# Diffie-Hellman Key Exchange

I apologize if this is in the wrong section. I am completely new to Cryptography. I was presented with the following problem and I am trying to find something that will explain to me how to proceed.

Demonstrate the Diffie-Hellman key exchange using an elliptic curve y^2 = x^3 + ax + 9 mod p, where p = 223. Use XA = 8, XB = 15. Find a perfect generator point or a generator point with the highest order if a perfect generator cannot be found for the first 30 points. List the values of the order of both the elliptic curve and generator point.
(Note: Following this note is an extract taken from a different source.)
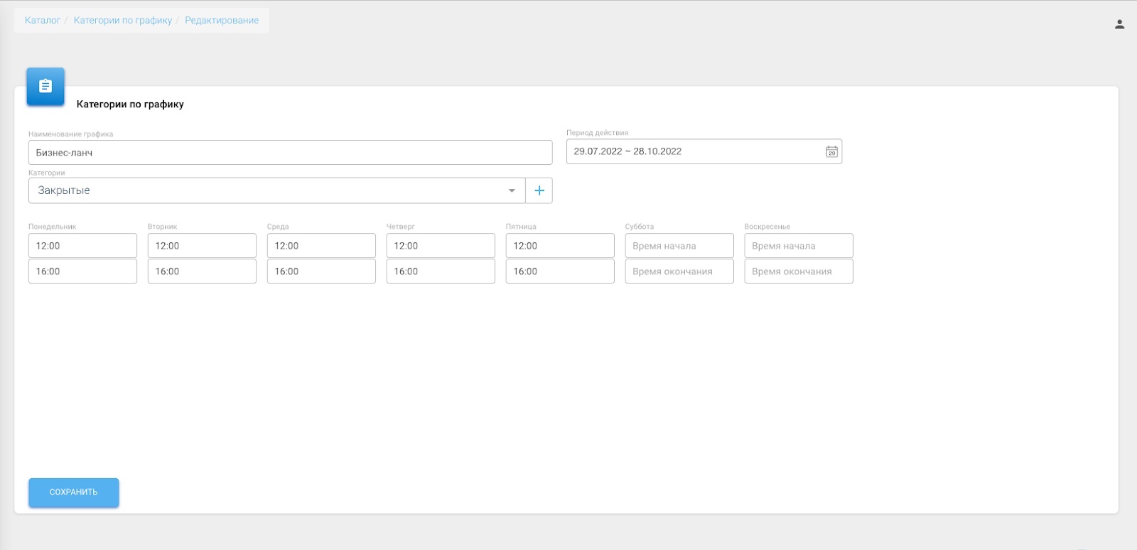 Эта функция Платформы позволяет Вам устанавливать отдельную категорию, которая будет работать ограниченное время. В остальные часы заказ из этой категории оплатить будет нельзя, однако она будет видна.

• What have you done so far? – mentallurg Dec 22 '20 at 1:43
• I have gone over the slides provided to us but nothing that explains how something like will be solved. I have also looked online for video tutorials but no luck. I don't know if maybe I am approaching this the wrong way, I mean I can't believe that there is nothing out there that explains an example like this. – Reina Dec 22 '20 at 1:47
• Although it mentions DH, your homework isn't really about DH, but the basics of (short-Weierstrass) elliptic curves which are used for multiple cryptographic schemes including ECDSA, ECDH, ECMQV. wikipedia has a good summary and (unsurprisingly) lots of references. In practice people use only much larger and standardized curves, which is why you don't find many examples of toy nonstandard curves. – dave_thompson_085 Dec 22 '20 at 2:37

• Modular arithmetic$$\pmod p$$, that is computation (including division) in the finite field of integers modulo $$p$$ (here $$p=223$$ but the same techniques apply for any prime $$p$$).
• The notion of set of pairs $$(x,y)$$ matching an equation $$y^2 = x^3 + a\,x + b$$ in that finite field.
• Under some conditions on constants $$a$$ and $$b$$, construction of a finite Elliptic Curve group on that set (with one extra identity element added). With the problem as we get it, it must be used $$b=9$$, and $$a$$ is left at the discretion of the reader.
• Diffie-Hellman key exchange on an arbitrary finite group with a states generator. That's the easy part. "Use $$X_A = 8, X_B = 15$$" is to be used in that part only; that would be the values chosen by parties.
Because $$p$$ is so small, it's possible to get away with explicitly finding the points $$(x,y)$$ forming the (non-neutral) elements of the group. In actual cryptography, we'd get say $$p\approx2^{256}$$ and about as many points, thus point counting would probably use the Schoof–Elkies–Atkin algorithm, that many users of crypto, including me, have never actually studied.